Subjects must receive appropriate care and treatment for HIV infection, including antiretroviral medications, when clinically indicated (including no ART) and should be under the care of a physician experienced in HIV management. Subjects will be eligible provided there is no intention to initiate therapy or the regimen has been stable for at least 4 weeks with no intention to change the regimen within 8 weeks following study entry.

To enroll in the study, the participants should be on the protocol accepted ART as long as they are receiving XL184 (cabozantinib)

• Subjects who have had cytotoxic chemotherapy (including investigational cytotoxic chemotherapy) or biologic agents (e.g., cytokines or antibodies) within 3 weeks, or nitrosoureas/mitomycin C within 6 weeks before the first dose of study treatment, or those who have not recovered from adverse events (AEs) due to agents administered more than 4 weeks earlier

• The subject has received radiation therapy:

• To the thoracic cavity, abdomen, or pelvis within 4 weeks before the first dose of study treatment, or has ongoing complications, or is without complete recovery and healing from prior radiation therapy

• To bone or brain metastases within 14 days before the first dose of study treatment

• To any other site(s) within 21 days before the first dose of study treatment

• Subjects who are receiving any other investigational agents

• Subjects must be either off corticosteroids, or on a stable or decreasing dose of =< 10 mg daily prednisone (or equivalent) for at least 2 weeks prior to enrollment. Inhaled or topical steroids are permitted in the absence of active autoimmune disease

• History of allergic reactions attributed to compounds of similar chemical or biologic composition to nivolumab or XL184 (cabozantinib)

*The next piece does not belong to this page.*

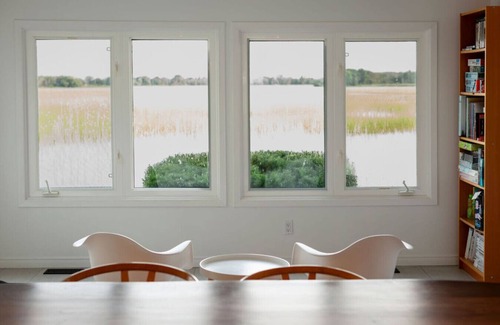 This comfortable one level, three-bedroom, two-bathroom vacation home features simple and clean contemporary décor and an open concept living and dining area with large windows and lovely calming views of Huycks Bay.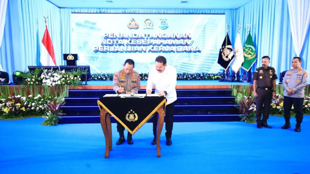 “Hari ini kita melaksanakan kegiatan MoU, dilanjutkan dengan penandatanganan PKS (Perjanjian Kerja Sama) terkait sinergitas, pemahaman dalam hal pelaksanaan KUHP dan KUHAP yang baru," ujar Listyo.

• The subject has prothrombin time (PT)/ international normalized ratio (INR) or partial thromboplastin time (PTT) test >= 1.3 x the laboratory ULN within 7 days before the first dose of study treatment

• The subject has a primary brain tumor, active brain metastases or epidural disease. Subjects with brain metastases previously treated with whole brain radiation or radiosurgery or participants with epidural disease previously treated with radiation or surgery who are asymptomatic and do not require steroid treatment for at least 2 weeks before starting study treatment are eligible. Subjects with treated brain metastasis should not take enzyme-inducing anticonvulsive therapies (EIACDs) within 2 weeks of registration, though non-enzyme inducing anticonvulsive drugs such as levetiracetam are allowed. Neurosurgical resection of brain metastases or brain biopsy is permitted if completed at least 3 months before starting study treatment. Baseline brain imaging with contrast-enhanced computed tomography (CT) or magnetic resonance imaging (MRI) scans for participants with known brain metastases is required to confirm eligibility. Subjects with untreated central nervous system (CNS) metastases are eligible if they are not symptomatic and the lesions are less than 1 cm in size. CNS metastases should be stable for at least 4 weeks, neurologically asymptomatic and without corticosteroid treatment at time of first dose of study treatment

• Concomitant anticoagulation with coumarin agents (e.g., warfarin), direct thrombin inhibitors (e.g., dabigatran), direct factor Xa inhibitor betrixaban, or platelet inhibitors (e.g., clopidogrel). Allowed anticoagulants are the following:

• Prophylactic use of low-dose aspirin for cardio-protection (per local applicable guidelines) and low-dose low molecular weight heparins (LMWH)

• Therapeutic doses of LMWH or anticoagulation with direct factor Xa inhibitors rivaroxaban, edoxaban, or apixaban in subjects without known brain metastases who are on a stable dose of the anticoagulant for at least 1 week before first dose of study treatment without clinically significant hemorrhagic complications from the anticoagulation regimen or the tumor

• The subject has experienced any of the following:

• Clinically-significant gastrointestinal bleeding within 6 months before the first dose of study treatment

• Hemoptysis of >= 0.5 teaspoon (2.5 mL) of red blood within 3 months before the first dose of study treatment

• Any other signs indicative of pulmonary hemorrhage within 3 months before the first dose of study treatment

• The subject has radiographic evidence of cavitating pulmonary lesion(s)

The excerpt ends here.